金軟景は試合後、「少し泣きそうになって、何かが込み上げてくるのを感じた」と話した。この試合が20年以上続いた選手生活で最後のホームゲームになる能性があったからだ。
ホームで行われた第1、2戦を制した興国生命は4日、大田(テジョン)市の忠武(チュンム)体育館で行われるアウェーで勝利すれば、歴代5番目のチャンピオン決定戦優勝トロフィーを掲げることになる。金軟景が再び仁川に戻るためには、チームが4日と6日の第4戦をすべて勝たなければならない。金軟景は、「ファンも私たちが再び仁川に戻ってくることを望まないだろう。大田のアウェーでけじめをつける」と力を込めて語った。
2005年に興国生命でデビューした金軟景は、Vリーグで3回のチャンピオン決定戦(2005~2006シーズン、2006~2007シーズン、2008~2009シーズン)で優勝した。

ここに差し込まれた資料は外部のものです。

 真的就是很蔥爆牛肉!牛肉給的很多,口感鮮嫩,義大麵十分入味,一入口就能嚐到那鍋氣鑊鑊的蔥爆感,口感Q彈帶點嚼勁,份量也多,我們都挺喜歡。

しかし、最後に頂点に立ったのは約16年前のことだ。長い海外生活を終えて2020~2021シーズンのVリーグに帰ってきたが、いつも頂上の入り口でとん挫した。2年前、韓国道路公社とのチャンピオン決定戦では、ホームで先に2連勝したが、その後の3試合で連敗した。

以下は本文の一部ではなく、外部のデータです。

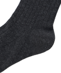 フィットする履き心地のリブロングソックス。縦ラインを強調することで、足元をすっきりとキレイに見せてくれます。シックなカラーとシンプルなデザインで合わせるテイストを問わず、オンにもオフにも活躍してくれるアイテムです。

今シーズンを最後に引退を宣言した金軟景としては、今年が最後の優勝挑戦だ。金軟景は「公開の場で泣く姿をあまり見せなかった。代表引退インタビューの時に泣いてからは泣いたことがない」と言い、「しかし現役最後の試合の時はたくさん泣きそうだ。チャンピオン決定戦が終わって泣いても、適当に泣かなければならなんだけど、心配。号泣しても勘弁してほしい」と話した。そのうえで「優勝や引退のセレモニーは考えていなかった。あと1試合しか残っていないと考えたい。チームメートとしっかり準備して優勝トロフィーを持って仁川に帰ってくる」と大田での戴冠式を確約した。
興国生命が4日の試合で勝利すれば、通算4度目の統合優勝(レギュラーリーグ1位、チャンピオン決定戦優勝)であり、5度目のチャンピオン決定戦優勝となる。レギュラーシーズン最優秀選手(MVP)が有力視されている金軟景は、チャンピオン決定戦のMVPを受賞する可能性も高い。